5 Fanbase-Boosting Facebook Secrets

Do you want to know something that makes me feel old?

Facebook has been around for eight years.

I was a sophomore in college back in 2004 when Mark Zuckerberg first launched the social media site that changed the world. Back then, only college students could have profiles on the site — making it easier for us to stalk meet new friends.

Now everyone (including your grandma) is on Facebook and happy to overshare every detail of his/her life.

But with the launch of the new timeline feature and the addition of in-page apps, Facebook has also become an essential, powerful tool for business owners (including us career-minded indie authors) to connect with fans.

 

Best of all? It’s FREE.

If you’re not harnessing the power of Facebook to promote yourself, find new readers and chat with fans, you’re missing out!

There are a MILLION ways to build your fanbase with Facebook fan pages and, to get you started, I’ve nailed down 30 tips you can start using today (15 here and 15 more I’ll tell you about later).

First, a few pointers!

As much time as I’ve spent on Facebook (read: a lot) there are still a lot of terms and such that I stumble over when making changes to my fan page especially.

Just to be sure we’re all clear on the lingo, here’s a quick look at the main components of your Facebook fan page:

Your Facebook fan page is broken up into a few different key sections — the cover photo, profile photo, apps/tabs and your about area (the ad pictured above is just to give you an idea of how big they are and where they appear on the website).

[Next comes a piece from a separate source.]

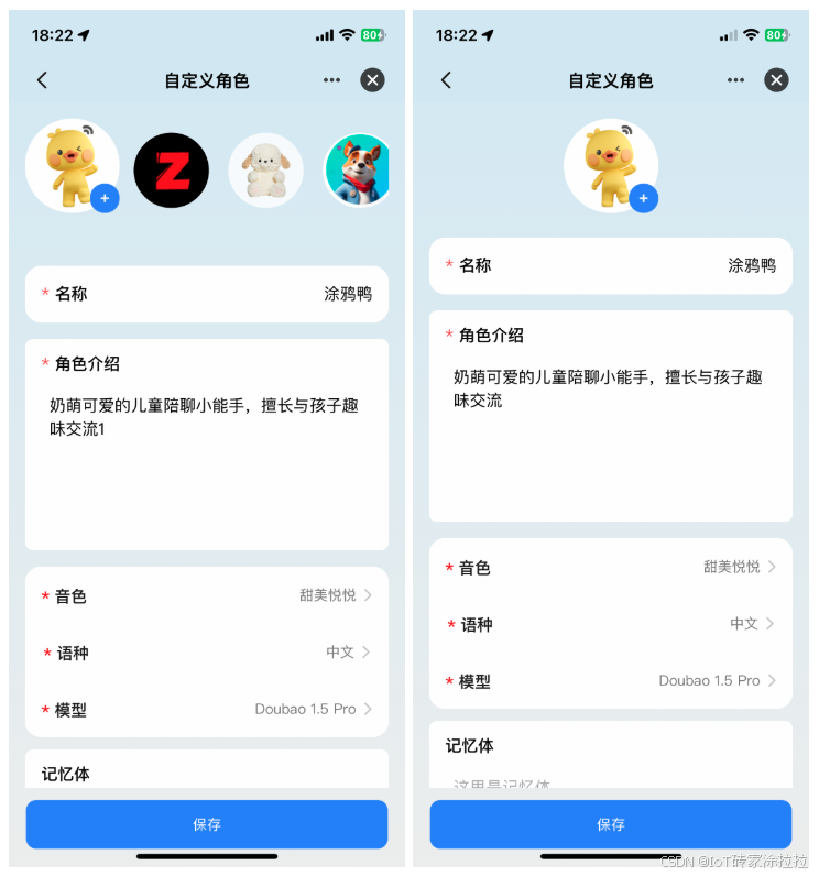 角色新增/编辑页面主要用于修改角色信息(头像、名称,角色介绍、记忆体),以及选择音色、语种、和大模型。

A couple of quick bonus tips on the Facebook basics:

  • Cover Photos: Update yours often (once a month, at least) but don’t ever include your website address in your cover photo (Facebook doesn’t like that, and can ban you for doing it — yikes!)
     
  • Profile Photo: This should always be a picture of you, so that when your updates appear in someone’s news feed they’ll see your smiling face right beside it! You can update it periodically, but it’s not as crucial to update your profile photo as it is your cover photo.
     
  • Bio Area: Make sure you DO list your website address in your about section.
     
  • Apps/Tabs: This the major area where you can get the most out of your Facebook page. Your photos tab always has to go first, but you have 11 other spots to add tabs with custom images, links, contests, etc. (See below for more!)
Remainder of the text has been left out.